The opioid crisis is identified as a national emergency and epidemic in the United States. The aim of this study was to identify risk factors associated with opioid dependence in patients undergoing surgery for degenerative spondylolisthesis (DS).

METHODS

The authors queried MarketScan databases to investigate the factors affecting postsurgery opioid use in patients with DS between 2000 and 2012. The outcome of interest was opioid dependence, which was defined as continued opioid use, > 10 opioid prescriptions, or diagnosis of or prescription for opioid dependence disorder in the period of 1 year before or 3–15 months after the procedure. Comparisons of outcomes were performed using nonparametric 2-group tests and generalized regression models.

RESULTS

A cohort of 10,708 patients was identified from the database.

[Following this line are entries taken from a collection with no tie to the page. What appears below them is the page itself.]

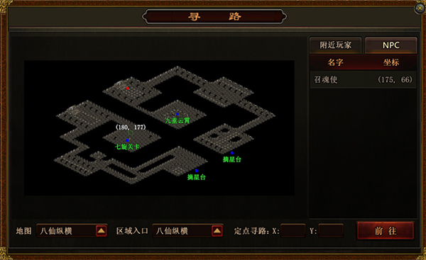 2、于八仙纵横地图之中,设有两个摘星台传送门,需先传送到摘星台,方可进入九重云霄。(亦可通过商城花费50绑定元宝购买通天卷轴,直接传送至八仙纵横。)
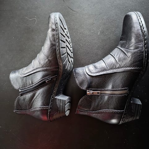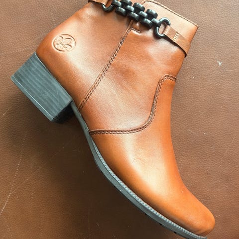 Dejlig støvle fra Rieker med god pasform og støtte i sålen. Desværre er de købt for små. Riekers i sko kan være små i størrelsen så denne 38 er måske nærmere end 37/37,5. Skoen er i kunstlæder med stof og lynlås. Fragt for købers regning.
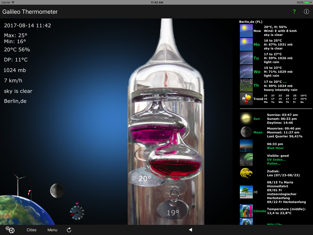 A virtual Galileo Thermometer with real Temperature and Weather Data. Temperature Display, Windchill Temperature, Air Humidity, Wind Speed, Barometer. No need to select a City, due to automatic location determination the progam searches the next Weather Station automatically.

The median patient age was 61 years (interquartile range 54–69 years), and 65.1% were female (n = 6975). A majority of patients had decompression with fusion (n = 10,068; 94%) and underwent multilevel procedures (n = 8123; 75.9%). Of 10,708 patients, 14.85% (n = 1591) were identified as having opioid dependence within 12 months prior to the index surgical procedure and 9.90% (n = 1060) were identified as having opioid dependence within 3–15 months after the procedure. Of all the variables, prior opioid dependence (OR 16.29, 95% CI 14.10–18.81, p < 0.001) and younger age (1-year increase in age: OR 0.972, 95% CI 0.963–0.980, p < 0.001) were independent predictors of opioid dependence following surgery for DS. The use of fusion was not associated with opioid dependence following the procedure (p = 0.8396). Following surgery for DS, patients were more likely to become opioid independent than they were to become opioid dependent (8.54% vs 3.58%, p < 0.001).

CONCLUSIONS

The majority of patients underwent fusion for DS. Surgical decompression with fusion was not associated with increased risk of postsurgery opioid dependence in patients with DS. Overall, opioid dependence was reduced by 4.96% after surgery for DS. Prior opioid dependence is associated with increased risk and increasing age is associated with decreased risk of opioid dependence following surgery for DS.